W meczu o piątą pozycję UMCS, po bardzo zaciętej walce, uległ 2:3 Uniwersytetowi z Wüzburga, a ozdobą tego spotkania była jedna z dwóch bramek zdobytych przez Arkadiusza Maksymowicza. Z kolei w spotkaniu o siódmą lokatę zespół lubelski wygrał 2:0 (Maksymowicz, Paweł Michalski) z Politechniką Eidhoven. W finale Besancon bez najmniejszych problemów pokonał akademików z Aten 3:0.

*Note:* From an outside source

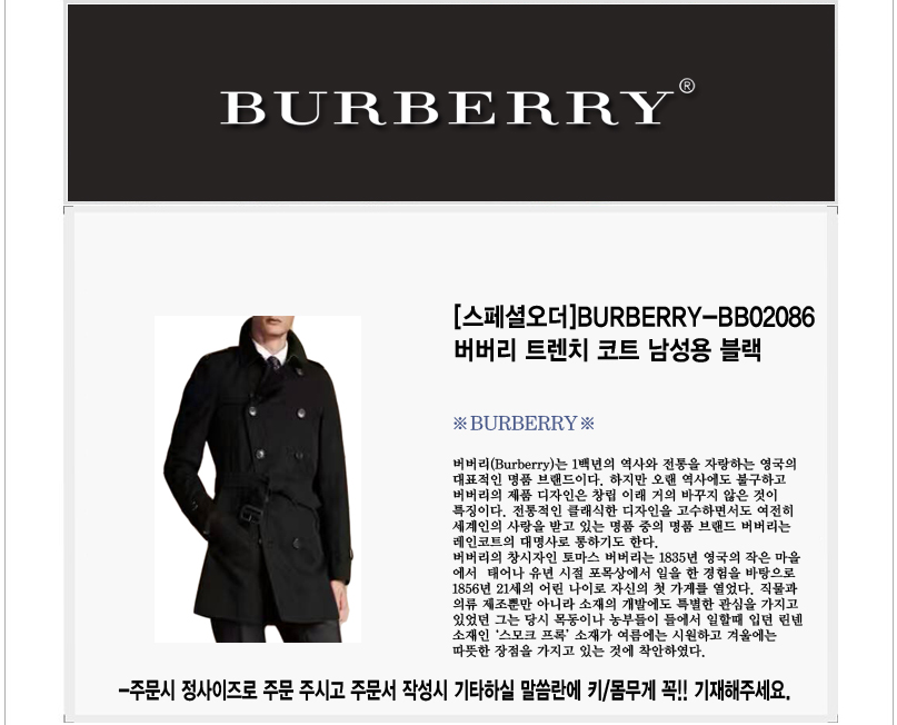 [스페셜오더]BURBERRY-BB02086 버버리 트렌치 코트 남성용 블랙
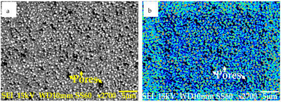 The microstructure of the prepared coating was studied using a Scanning Electron Microscope (JEOL, Tokyo, Japan). High magnification images of the prepared nanocomposite coating are presented in Figure 2. The microstructure of the prepared Ni–Al2O3 nanocomposite coating is similar to the microstructure reported by various other researchers [,,,]. The high magnification image shown in Figure 2a shows that there are pores on the surface of the electrodeposited nanocomposite coating. These pores are a characteristic of Ni–Al2O3 nanocomposite coatings []. Figure 2b shows the nanocomposite coating after the application of false color to the Scanning Electron Microscope (SEM) image. The colored image better reveals the pores on the coating, which are randomly distributed and are visible as dark colored spots in the colored image.

- Poziom imprezy był bardzo dobry - ocenia Tomasz Bielecki, trener drużyny. - Przyjechały drużyny m.in. z Francji, Niemiec, Czech prezentujące wysoką kulturę gry. Szczególne wrażenie zrobili Francuzi, którzy byli świetnie zorganizowani i grali bardzo nowocześnie. O klasie tego zespołu najlepiej świadczy fakt, że nie stracił w całym turnieju ani jednej bramki. Były to bardzo ciężkie mistrzostwa, bo w ciągu sześciu dni drużyny musiały rozegrać po sześć spotkań. Pragnę dodać, że dla nas udział w mistrzostwach był ogromnym zaszczytem. Uważam, że mimo dość odległej lokaty zaprezentowaliśmy się dobrze. Z pewnością byłoby lepiej, ale z różnych przyczyn nie wystąpiliśmy w najsilniejszym składzie.